> **WHAT YOU NEED TO DO**:
Reproduce the listing below from the line with "今日は1年生が、集めてきた秋" to the line with "плюшевый, цвет МИКС", both lines included, character for character, minus any pictures.
GIVEN ENTRIES: Begin
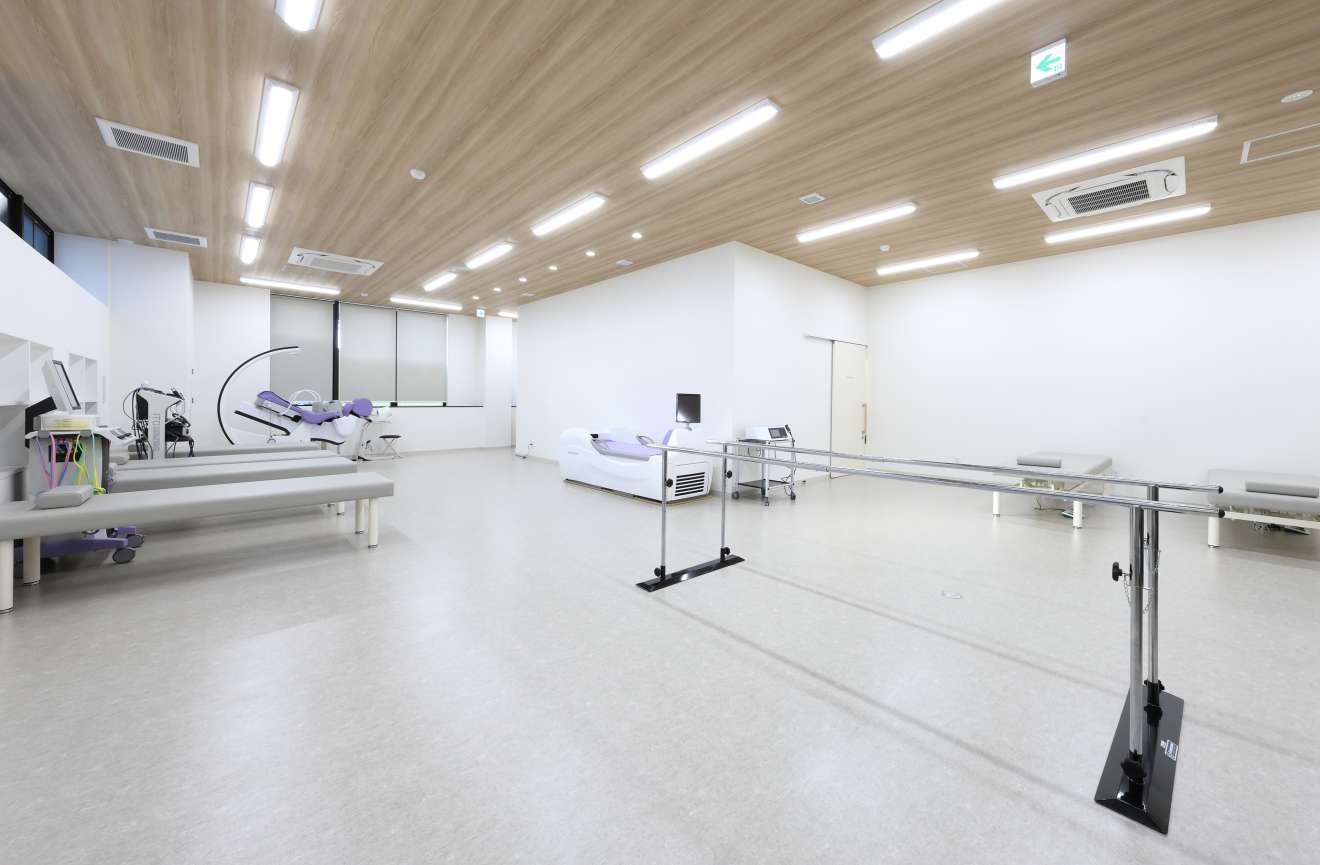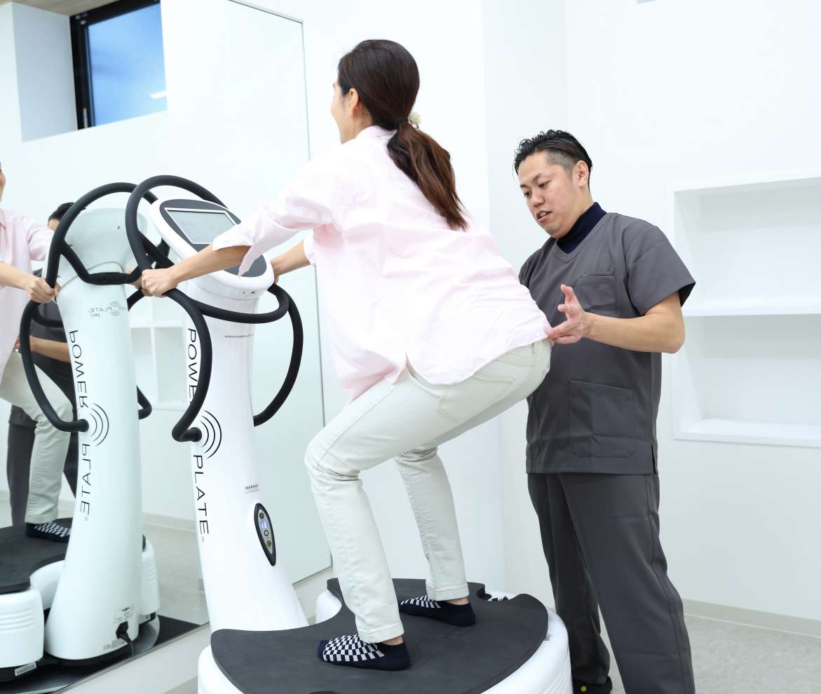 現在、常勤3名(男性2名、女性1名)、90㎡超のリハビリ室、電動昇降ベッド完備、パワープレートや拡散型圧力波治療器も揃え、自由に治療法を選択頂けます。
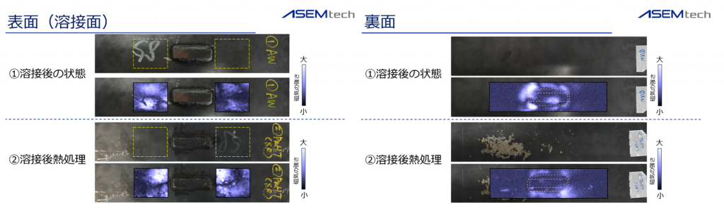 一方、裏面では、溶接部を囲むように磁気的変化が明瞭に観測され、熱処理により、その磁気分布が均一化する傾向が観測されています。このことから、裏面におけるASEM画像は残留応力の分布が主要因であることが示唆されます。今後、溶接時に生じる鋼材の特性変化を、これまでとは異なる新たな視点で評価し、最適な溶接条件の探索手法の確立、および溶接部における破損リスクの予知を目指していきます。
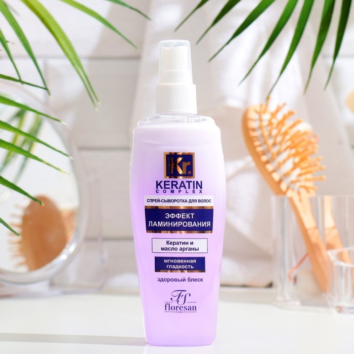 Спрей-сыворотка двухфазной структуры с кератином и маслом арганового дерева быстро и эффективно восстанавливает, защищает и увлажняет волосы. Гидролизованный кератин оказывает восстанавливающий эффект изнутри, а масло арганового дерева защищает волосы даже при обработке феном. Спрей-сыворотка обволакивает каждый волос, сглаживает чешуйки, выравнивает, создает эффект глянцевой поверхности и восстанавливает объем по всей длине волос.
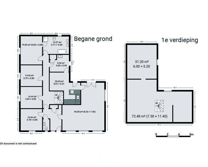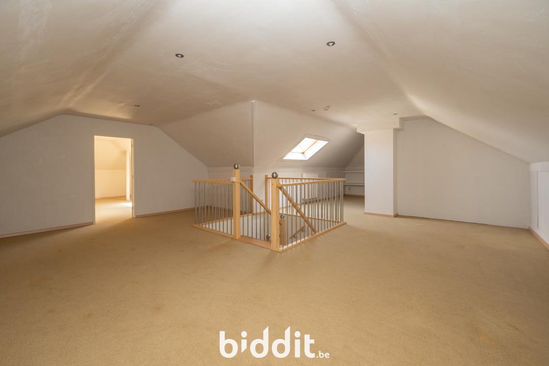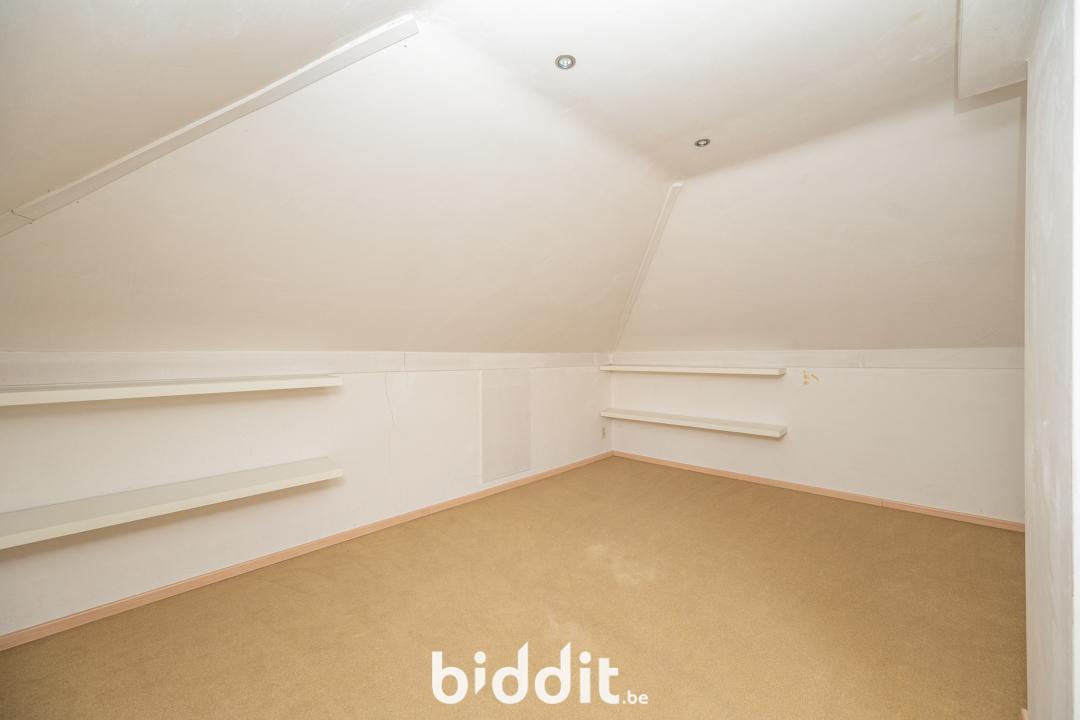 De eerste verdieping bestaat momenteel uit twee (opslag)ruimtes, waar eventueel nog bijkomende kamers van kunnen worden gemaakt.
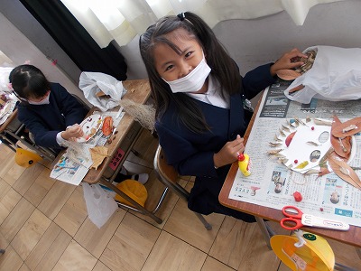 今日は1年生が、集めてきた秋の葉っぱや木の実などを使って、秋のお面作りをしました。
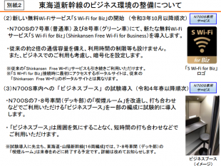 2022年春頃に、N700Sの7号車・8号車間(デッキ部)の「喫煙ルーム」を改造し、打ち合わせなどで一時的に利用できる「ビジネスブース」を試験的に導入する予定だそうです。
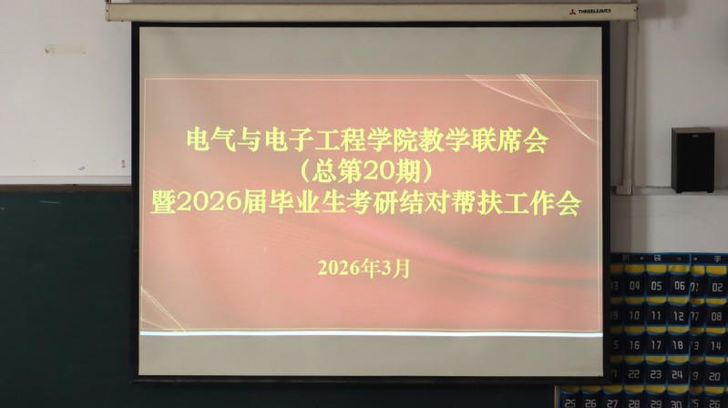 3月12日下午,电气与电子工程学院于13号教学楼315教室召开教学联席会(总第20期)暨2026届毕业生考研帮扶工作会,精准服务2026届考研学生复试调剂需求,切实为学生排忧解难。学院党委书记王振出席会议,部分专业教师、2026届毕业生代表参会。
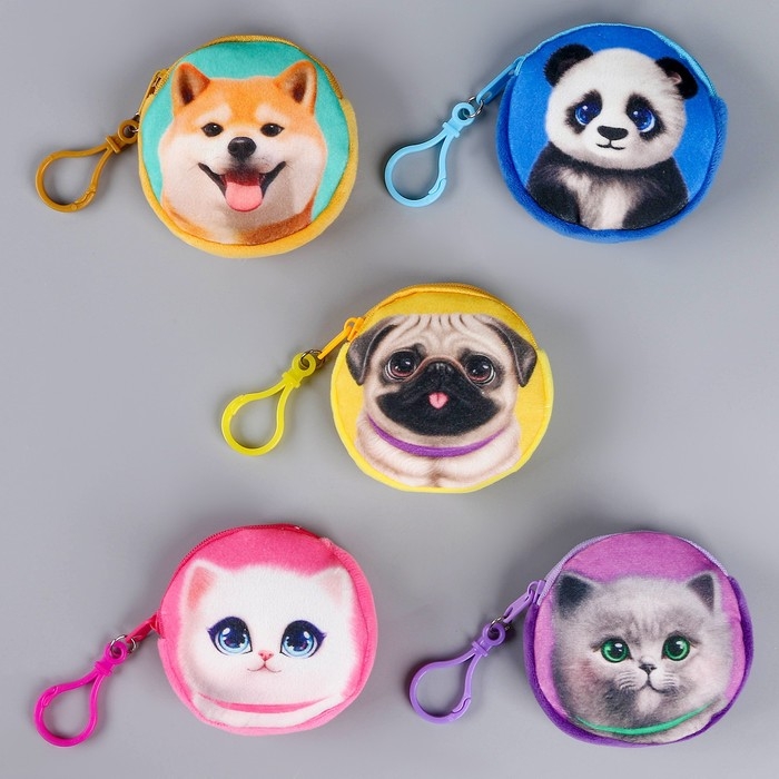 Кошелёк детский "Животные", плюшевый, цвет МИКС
GIVEN ENTRIES: End
GIVEN ENTRIES: Begin
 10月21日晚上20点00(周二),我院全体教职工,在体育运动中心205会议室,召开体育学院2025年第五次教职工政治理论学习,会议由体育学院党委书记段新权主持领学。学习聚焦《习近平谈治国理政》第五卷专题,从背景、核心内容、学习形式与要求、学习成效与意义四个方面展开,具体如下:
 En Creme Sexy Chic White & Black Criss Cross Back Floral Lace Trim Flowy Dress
GIVEN ENTRIES: End
> **RESPONSE**:
 今日は1年生が、集めてきた秋の葉っぱや木の実などを使って、秋のお面作りをしました。
 2022年春頃に、N700Sの7号車・8号車間(デッキ部)の「喫煙ルーム」を改造し、打ち合わせなどで一時的に利用できる「ビジネスブース」を試験的に導入する予定だそうです。
 3月12日下午,电气与电子工程学院于13号教学楼315教室召开教学联席会(总第20期)暨2026届毕业生考研帮扶工作会,精准服务2026届考研学生复试调剂需求,切实为学生排忧解难。学院党委书记王振出席会议,部分专业教师、2026届毕业生代表参会。
 Кошелёк детский "Животные", плюшевый, цвет МИКС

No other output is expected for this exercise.